*** Opening Data for this task ***
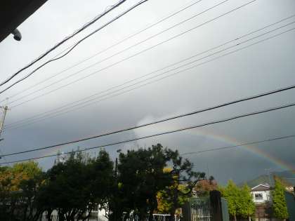 今日は,晴れたり雨が降ったりする一日でした。午後3時ごろ東の空に虹がきれいに見えました。とてもきれいにアーチ状に見えて,虹を見つけた子どもたちは大喜びでした。
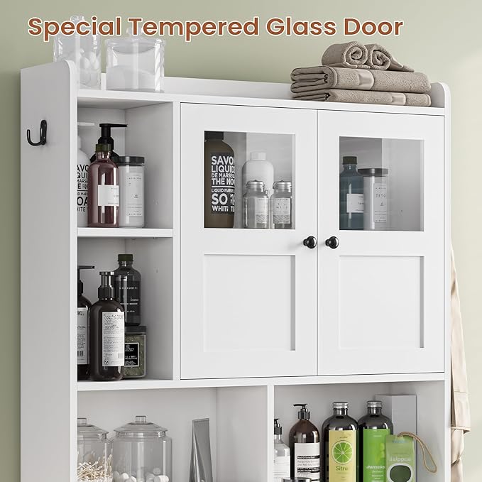 - 【What will you get?】Never worry about having too little space in your bathroom again! This above toilet storage cabinet comes with 2 tempered glass doors, 6 open shelves, 15.7'' deep vertical cabinet and toilet paper holder. Open shelves provide quick access to everyday essentials. Hidden storage space can be used for privacy items. All shelves are adjustable and can be used to store items at different heights. Ensure your bathroom stays organized.
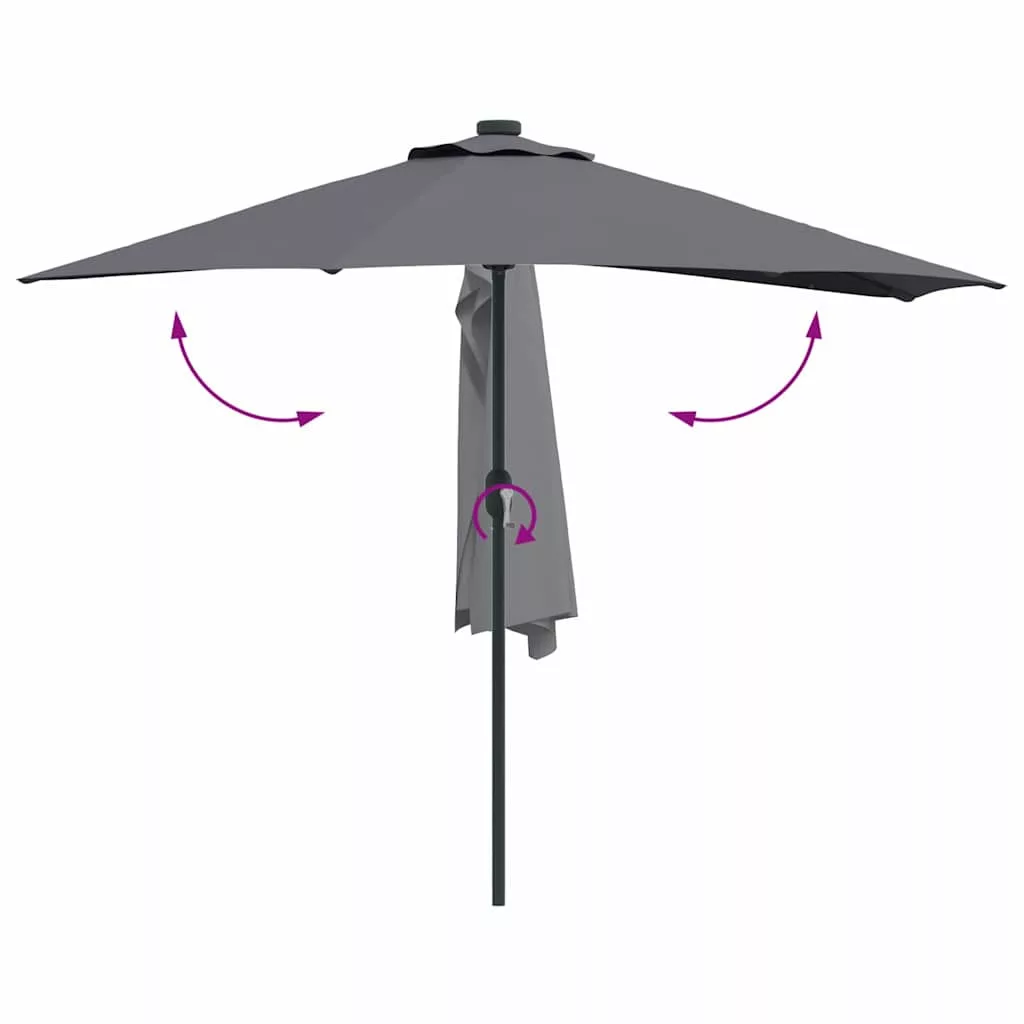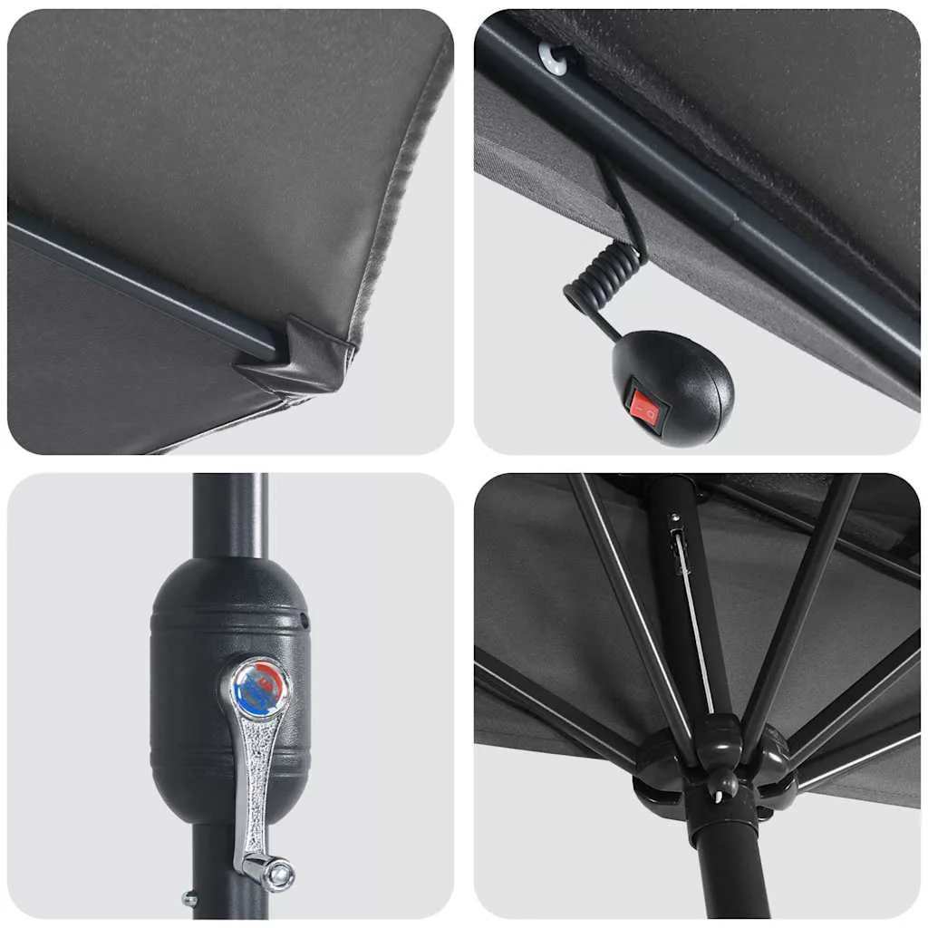 - LED Világítás: Integrált LED fények világítják meg a napernyő alját, így az estéket varázslatosabbá teszi. Ezek a dekoratív lámpák fokozzák az esti élményeket, lehetővé téve a külső programokat még sötétedés után is. Energiamanagelt napenergiával működnek.
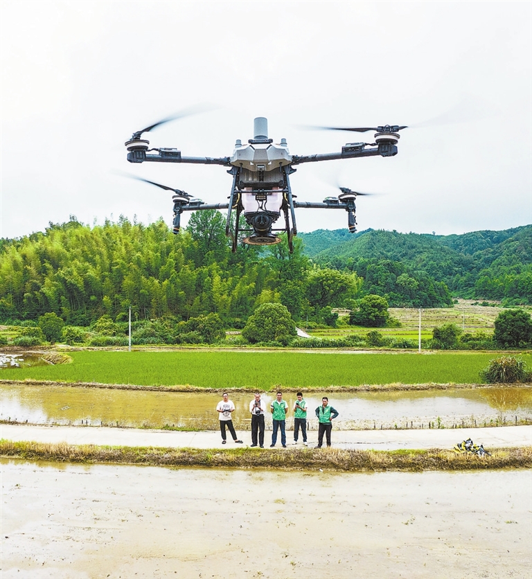近年来,资溪县整体推进农业新技术、新装备运用,为农业增效、农民增收提供技术支撑。图为5月29日,操作员在高田乡黄坊村和丰农业水稻种植基地进行无人机播种。
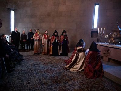 Following the meeting, under the presidency of the Catholicos of All Armenians; and in the presence of the RA President and injured soldiers; a Prayer for the Republic was offered at the St. Vartan and St. Hovhannes Chapel-Baptistry of the Mother See. At the ceremony, a prayer was offered to God for peace and steadiness of the Fatherland and the victorious path of the Armenian Army.
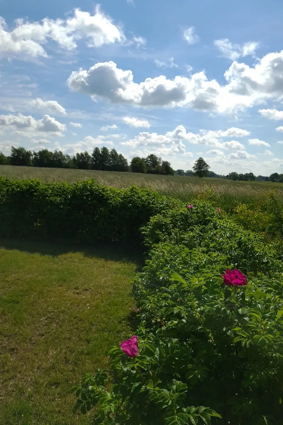 Von der Südost-Terrasse auf dem 400 qm Grundstück, das von Heckenrosen eingegrenzt ist, ist ein freier Blick auf die Wiesen mit Pferden, Kühen und auch den Rehen, aber auch zu Falken, Fasanen und Feldhasen möglich.
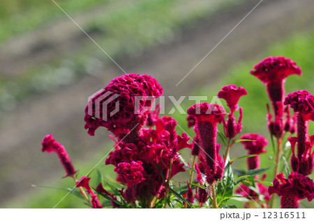 赤いケイトウの花
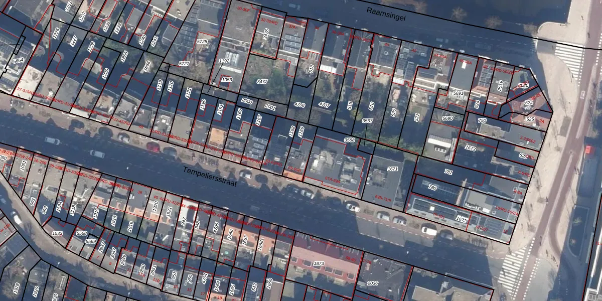 Het perceel waarop Tempeliersstraat 65-B staat heeft een oppervlakte van 125 m². Dit is een middelgroot perceel. De perceeloppervlakte wordt geregistreerd door het Kadaster. Gedetailleerde informatie over de maten van dit perceel kunt u vinden in het rapport Kadastrale kaart met maatvoering van Tempeliersstraat 65-B.
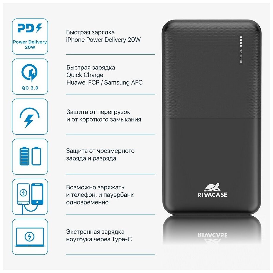 Внешний аккумулятор RIVACASE VA2532 10000 mAh QC/PD / черный
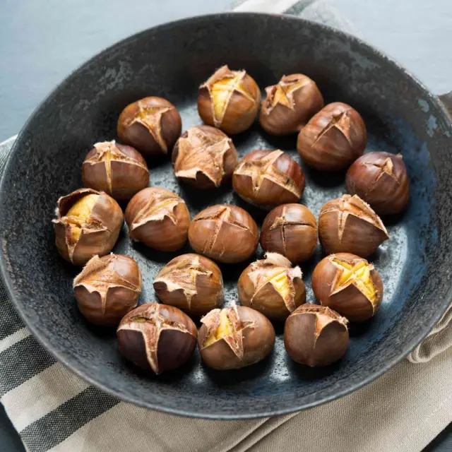 Westmark rezalnik kostanja Kastanietta bo s svojimi z nazobčanimi rezili poskrbel za peko kostanja brez pokanja in za njegovo enostavno luščenje. V zajemalko postavite kostanj in klešče stisnite skupaj. Kostanj bo na svoji lupini dobil križni rez. Ni primerno za pomivanje v pomivalnem stroju.
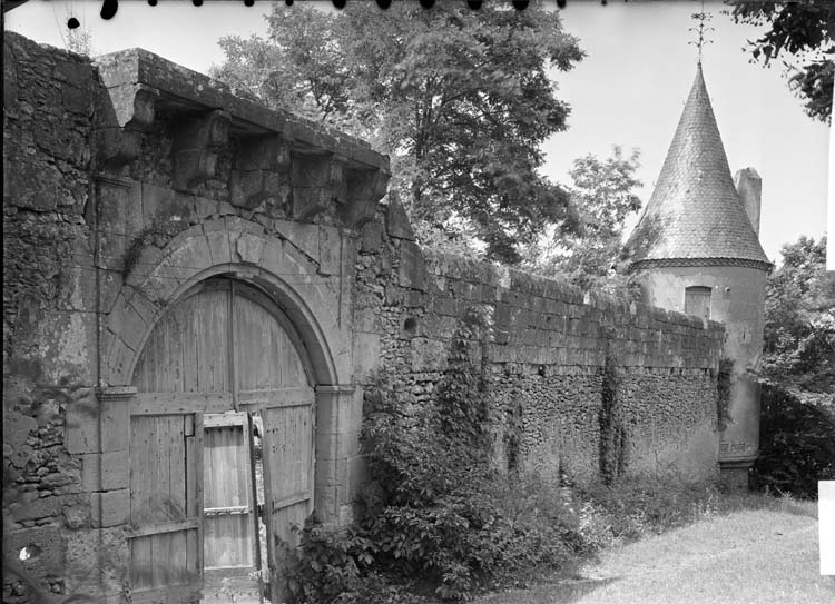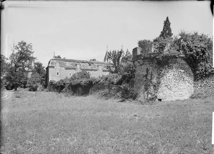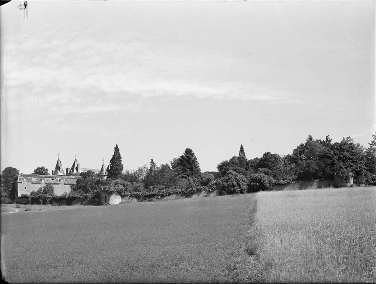 Un quadrilatère de murailles renforcées de tours basses, enserre le château. Une douve court sur l'un des côtés. Près du portail d'entrée, tour ronde du 15e siècle. Dans la cour d'honneur, tour ronde du 15e siècle et pavillon rectangulaire dont les murs et les toits sont galbés d'époque Régence, avec galerie à terrasse. D'importants communs tiennent tout un côté de la cour d'honneur.
*** Closing Data for this task ***
→ **Instructions to follow**:
The answer is the full set of records printed exactly, less the pictures.

→ **Problem solution**:
 今日は,晴れたり雨が降ったりする一日でした。午後3時ごろ東の空に虹がきれいに見えました。とてもきれいにアーチ状に見えて,虹を見つけた子どもたちは大喜びでした。
 - 【What will you get?】Never worry about having too little space in your bathroom again! This above toilet storage cabinet comes with 2 tempered glass doors, 6 open shelves, 15.7'' deep vertical cabinet and toilet paper holder. Open shelves provide quick access to everyday essentials. Hidden storage space can be used for privacy items. All shelves are adjustable and can be used to store items at different heights. Ensure your bathroom stays organized.
 - LED Világítás: Integrált LED fények világítják meg a napernyő alját, így az estéket varázslatosabbá teszi. Ezek a dekoratív lámpák fokozzák az esti élményeket, lehetővé téve a külső programokat még sötétedés után is. Energiamanagelt napenergiával működnek.
近年来,资溪县整体推进农业新技术、新装备运用,为农业增效、农民增收提供技术支撑。图为5月29日,操作员在高田乡黄坊村和丰农业水稻种植基地进行无人机播种。
 Following the meeting, under the presidency of the Catholicos of All Armenians; and in the presence of the RA President and injured soldiers; a Prayer for the Republic was offered at the St. Vartan and St. Hovhannes Chapel-Baptistry of the Mother See. At the ceremony, a prayer was offered to God for peace and steadiness of the Fatherland and the victorious path of the Armenian Army.
 Von der Südost-Terrasse auf dem 400 qm Grundstück, das von Heckenrosen eingegrenzt ist, ist ein freier Blick auf die Wiesen mit Pferden, Kühen und auch den Rehen, aber auch zu Falken, Fasanen und Feldhasen möglich.
 赤いケイトウの花
 Het perceel waarop Tempeliersstraat 65-B staat heeft een oppervlakte van 125 m². Dit is een middelgroot perceel. De perceeloppervlakte wordt geregistreerd door het Kadaster. Gedetailleerde informatie over de maten van dit perceel kunt u vinden in het rapport Kadastrale kaart met maatvoering van Tempeliersstraat 65-B.
 Внешний аккумулятор RIVACASE VA2532 10000 mAh QC/PD / черный
 Westmark rezalnik kostanja Kastanietta bo s svojimi z nazobčanimi rezili poskrbel za peko kostanja brez pokanja in za njegovo enostavno luščenje. V zajemalko postavite kostanj in klešče stisnite skupaj. Kostanj bo na svoji lupini dobil križni rez. Ni primerno za pomivanje v pomivalnem stroju.
 Un quadrilatère de murailles renforcées de tours basses, enserre le château. Une douve court sur l'un des côtés. Près du portail d'entrée, tour ronde du 15e siècle. Dans la cour d'honneur, tour ronde du 15e siècle et pavillon rectangulaire dont les murs et les toits sont galbés d'époque Régence, avec galerie à terrasse. D'importants communs tiennent tout un côté de la cour d'honneur.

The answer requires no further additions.